You are viewing a plain text version of this content. The canonical link for it is here.
Posted to solr-user@lucene.apache.org by christopher palm <cp...@gmail.com> on 2014/01/25 19:21:53 UTC

How to handle multiple sub second updates to same SOLR Document

I have a scenario where the same SOLR document is being updated several
times within a few ms of each other due to how the source system is sending
in field updates on the document.

The problem I am trying to solve is that the order of these updates isn’t
guaranteed once the multi threaded SOLRJ client starts sending them to
SOLR, and older updates are overlaying the newer updates on the same
document.

I would like to use a timestamp versioning so that the older document
change won’t be sent into SOLR, but I didn’t see any automated way of doing
this based on the document timestamp.

Is there a good way to handle this scenario in SOLR 4.6?

It seems that we would have to be soft auto committing with a  subsecond
level as well, is that even possible?

Thanks,

Chris

Re: How to handle multiple sub second updates to same SOLR Document

Posted by Bram Van Dam <br...@intix.eu>.
On 01/25/2014 07:21 PM, christopher palm wrote:
> The problem I am trying to solve is that the order of these updates isn’t
> guaranteed once the multi threaded SOLRJ client starts sending them to
> SOLR, and older updates are overlaying the newer updates on the same
> document.

Don't do that. There is no way to guarantee what your updates will look 
like. We deal with this by keeping a list of document IDs that are 
currently being updated. If the ID is already in the list, do nothing. 
If it isn't, go ahead. Some synchronization required :-)

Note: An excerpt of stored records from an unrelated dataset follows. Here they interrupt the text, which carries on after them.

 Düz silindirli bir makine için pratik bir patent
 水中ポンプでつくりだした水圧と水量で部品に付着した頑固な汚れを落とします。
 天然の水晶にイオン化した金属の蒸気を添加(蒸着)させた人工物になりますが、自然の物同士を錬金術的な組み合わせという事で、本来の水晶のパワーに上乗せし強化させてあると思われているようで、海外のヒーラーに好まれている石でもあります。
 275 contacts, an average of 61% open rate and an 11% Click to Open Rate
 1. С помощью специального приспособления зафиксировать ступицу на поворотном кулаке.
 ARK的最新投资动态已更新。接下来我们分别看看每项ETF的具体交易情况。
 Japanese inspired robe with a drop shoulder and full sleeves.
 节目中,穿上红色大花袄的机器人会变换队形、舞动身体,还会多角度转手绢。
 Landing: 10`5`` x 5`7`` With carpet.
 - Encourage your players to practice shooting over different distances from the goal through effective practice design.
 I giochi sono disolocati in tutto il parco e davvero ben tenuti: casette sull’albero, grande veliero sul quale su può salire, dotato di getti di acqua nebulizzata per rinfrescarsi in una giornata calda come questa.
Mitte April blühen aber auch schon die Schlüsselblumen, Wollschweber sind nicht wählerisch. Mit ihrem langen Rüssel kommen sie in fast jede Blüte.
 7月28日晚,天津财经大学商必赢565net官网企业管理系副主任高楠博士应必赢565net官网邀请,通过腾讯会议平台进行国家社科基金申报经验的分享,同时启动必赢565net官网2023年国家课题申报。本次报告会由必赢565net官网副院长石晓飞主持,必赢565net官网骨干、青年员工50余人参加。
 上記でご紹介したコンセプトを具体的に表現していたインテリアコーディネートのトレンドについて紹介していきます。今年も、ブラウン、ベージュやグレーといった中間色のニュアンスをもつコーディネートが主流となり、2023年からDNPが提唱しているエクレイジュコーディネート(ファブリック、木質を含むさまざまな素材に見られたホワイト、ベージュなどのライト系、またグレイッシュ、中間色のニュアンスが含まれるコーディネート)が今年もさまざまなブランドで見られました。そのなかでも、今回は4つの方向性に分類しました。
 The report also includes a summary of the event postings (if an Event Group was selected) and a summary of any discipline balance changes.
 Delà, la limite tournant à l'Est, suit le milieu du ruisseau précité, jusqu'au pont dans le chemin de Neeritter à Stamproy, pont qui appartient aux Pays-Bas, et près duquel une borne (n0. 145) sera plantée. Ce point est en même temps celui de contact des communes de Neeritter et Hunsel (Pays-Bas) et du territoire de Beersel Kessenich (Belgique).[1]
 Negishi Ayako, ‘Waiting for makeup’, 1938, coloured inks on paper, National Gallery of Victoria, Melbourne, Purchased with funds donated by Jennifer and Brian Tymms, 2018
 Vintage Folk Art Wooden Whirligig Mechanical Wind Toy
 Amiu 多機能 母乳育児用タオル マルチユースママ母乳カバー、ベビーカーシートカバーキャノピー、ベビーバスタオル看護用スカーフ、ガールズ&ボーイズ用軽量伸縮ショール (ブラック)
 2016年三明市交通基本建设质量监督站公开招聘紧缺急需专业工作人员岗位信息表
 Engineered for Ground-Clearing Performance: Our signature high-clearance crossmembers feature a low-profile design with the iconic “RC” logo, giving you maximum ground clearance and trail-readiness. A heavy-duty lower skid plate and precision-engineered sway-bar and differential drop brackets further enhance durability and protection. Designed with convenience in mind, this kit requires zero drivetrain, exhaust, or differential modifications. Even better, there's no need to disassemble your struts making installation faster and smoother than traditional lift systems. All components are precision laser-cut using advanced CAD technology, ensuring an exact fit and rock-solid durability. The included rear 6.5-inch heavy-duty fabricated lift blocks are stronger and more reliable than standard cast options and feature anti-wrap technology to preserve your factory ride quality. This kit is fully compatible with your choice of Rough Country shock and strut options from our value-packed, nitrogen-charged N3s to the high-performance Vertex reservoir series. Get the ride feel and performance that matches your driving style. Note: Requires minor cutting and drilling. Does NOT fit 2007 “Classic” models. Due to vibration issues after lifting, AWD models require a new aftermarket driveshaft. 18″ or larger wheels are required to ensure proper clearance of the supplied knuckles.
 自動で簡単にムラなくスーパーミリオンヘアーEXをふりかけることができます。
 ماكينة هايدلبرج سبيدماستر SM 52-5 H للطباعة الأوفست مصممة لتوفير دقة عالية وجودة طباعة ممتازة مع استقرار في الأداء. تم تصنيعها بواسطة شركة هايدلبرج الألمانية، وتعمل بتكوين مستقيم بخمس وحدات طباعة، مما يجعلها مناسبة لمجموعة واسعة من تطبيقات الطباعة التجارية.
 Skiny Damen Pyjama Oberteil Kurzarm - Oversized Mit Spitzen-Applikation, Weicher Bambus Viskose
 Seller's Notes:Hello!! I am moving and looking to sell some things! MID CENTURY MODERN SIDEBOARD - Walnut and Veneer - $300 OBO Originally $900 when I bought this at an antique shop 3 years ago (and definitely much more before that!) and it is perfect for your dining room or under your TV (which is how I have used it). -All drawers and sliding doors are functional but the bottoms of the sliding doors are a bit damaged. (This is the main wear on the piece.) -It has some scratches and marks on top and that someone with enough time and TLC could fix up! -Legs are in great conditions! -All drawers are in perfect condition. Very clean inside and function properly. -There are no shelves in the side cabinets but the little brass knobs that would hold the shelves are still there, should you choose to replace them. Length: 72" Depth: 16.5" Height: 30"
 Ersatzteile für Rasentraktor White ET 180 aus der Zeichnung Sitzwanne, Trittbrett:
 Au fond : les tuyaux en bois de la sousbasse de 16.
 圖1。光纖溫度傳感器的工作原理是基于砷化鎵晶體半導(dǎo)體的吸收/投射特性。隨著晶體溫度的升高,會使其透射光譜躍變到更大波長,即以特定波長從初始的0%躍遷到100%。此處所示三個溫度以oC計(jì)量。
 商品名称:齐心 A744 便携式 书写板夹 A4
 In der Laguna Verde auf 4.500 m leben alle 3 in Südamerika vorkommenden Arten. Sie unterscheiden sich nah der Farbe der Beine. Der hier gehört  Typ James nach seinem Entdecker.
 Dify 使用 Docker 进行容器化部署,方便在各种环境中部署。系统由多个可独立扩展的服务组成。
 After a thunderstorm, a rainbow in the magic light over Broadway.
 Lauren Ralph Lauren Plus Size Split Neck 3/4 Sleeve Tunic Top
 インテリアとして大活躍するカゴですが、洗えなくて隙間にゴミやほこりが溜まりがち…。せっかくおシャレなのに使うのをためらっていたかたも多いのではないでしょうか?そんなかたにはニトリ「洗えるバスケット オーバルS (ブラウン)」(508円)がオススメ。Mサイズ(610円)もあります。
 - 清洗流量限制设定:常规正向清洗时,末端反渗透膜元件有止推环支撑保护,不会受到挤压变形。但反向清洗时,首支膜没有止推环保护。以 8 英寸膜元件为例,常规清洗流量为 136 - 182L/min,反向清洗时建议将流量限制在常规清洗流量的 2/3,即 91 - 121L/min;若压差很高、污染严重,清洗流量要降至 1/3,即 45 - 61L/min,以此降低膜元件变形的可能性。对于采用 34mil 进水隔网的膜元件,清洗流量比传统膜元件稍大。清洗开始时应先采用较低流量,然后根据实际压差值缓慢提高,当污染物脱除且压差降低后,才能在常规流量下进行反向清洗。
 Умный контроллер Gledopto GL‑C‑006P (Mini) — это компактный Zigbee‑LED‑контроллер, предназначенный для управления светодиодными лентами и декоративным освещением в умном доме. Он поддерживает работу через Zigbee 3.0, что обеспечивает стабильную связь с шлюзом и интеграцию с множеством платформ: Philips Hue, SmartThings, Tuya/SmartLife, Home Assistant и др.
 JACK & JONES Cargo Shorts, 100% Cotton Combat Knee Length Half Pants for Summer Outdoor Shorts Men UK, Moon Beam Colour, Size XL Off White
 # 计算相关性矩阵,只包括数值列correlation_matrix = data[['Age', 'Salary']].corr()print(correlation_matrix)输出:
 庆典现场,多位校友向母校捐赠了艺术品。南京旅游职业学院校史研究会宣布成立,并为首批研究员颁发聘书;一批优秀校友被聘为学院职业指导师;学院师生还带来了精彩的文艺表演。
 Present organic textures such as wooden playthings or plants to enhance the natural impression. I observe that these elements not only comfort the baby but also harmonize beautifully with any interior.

If you can think of a better way, I'd love to hear it, but I haven't 
found one.


Re: How to handle multiple sub second updates to same SOLR Document

Posted by Elisabeth Benoit <el...@gmail.com>.
yutz

Envoyé de mon iPhoneippj

Le 26 janv. 2014 à 06:13, Shalin Shekhar Mangar <sh...@gmail.com> a écrit :

> There is no timestamp versioning as such in Solr but there is a new
> document based versioning which will allow you to specify your own
> (externally assigned) versions.
> 
> See the "Document Centric Versioning Constraints" section at
> https://cwiki.apache.org/confluence/display/solr/Updating+Parts+of+Documents
> 
> Sub-second soft auto commit can be expensive but it is hard to say if
> it will be too expensive for your use-case. You must benchmark it
> yourself.
> 
> On Sat, Jan 25, 2014 at 11:51 PM, christopher palm <cp...@gmail.com> wrote:
>> I have a scenario where the same SOLR document is being updated several
>> times within a few ms of each other due to how the source system is sending
>> in field updates on the document.
>> 
>> The problem I am trying to solve is that the order of these updates isn’t
>> guaranteed once the multi threaded SOLRJ client starts sending them to
>> SOLR, and older updates are overlaying the newer updates on the same
>> document.
>> 
>> I would like to use a timestamp versioning so that the older document
>> change won’t be sent into SOLR, but I didn’t see any automated way of doing
>> this based on the document timestamp.
>> 
>> Is there a good way to handle this scenario in SOLR 4.6?
>> 
>> It seems that we would have to be soft auto committing with a  subsecond
>> level as well, is that even possible?
>> 
>> Thanks,
>> 
>> Chris
> 
> 
> 
> -- 
> Regards,
> Shalin Shekhar Mangar.

Re: How to handle multiple sub second updates to same SOLR Document

Posted by Shalin Shekhar Mangar <sh...@gmail.com>.
There is no timestamp versioning as such in Solr but there is a new
document based versioning which will allow you to specify your own
(externally assigned) versions.

See the "Document Centric Versioning Constraints" section at
https://cwiki.apache.org/confluence/display/solr/Updating+Parts+of+Documents

Sub-second soft auto commit can be expensive but it is hard to say if
it will be too expensive for your use-case. You must benchmark it
yourself.

On Sat, Jan 25, 2014 at 11:51 PM, christopher palm <cp...@gmail.com> wrote:
> I have a scenario where the same SOLR document is being updated several
> times within a few ms of each other due to how the source system is sending
> in field updates on the document.
>
> The problem I am trying to solve is that the order of these updates isn’t
> guaranteed once the multi threaded SOLRJ client starts sending them to
> SOLR, and older updates are overlaying the newer updates on the same
> document.
>
> I would like to use a timestamp versioning so that the older document
> change won’t be sent into SOLR, but I didn’t see any automated way of doing
> this based on the document timestamp.
>
> Is there a good way to handle this scenario in SOLR 4.6?
>
> It seems that we would have to be soft auto committing with a  subsecond
> level as well, is that even possible?
>
> Thanks,
>
> Chris



-- 
Regards,
Shalin Shekhar Mangar.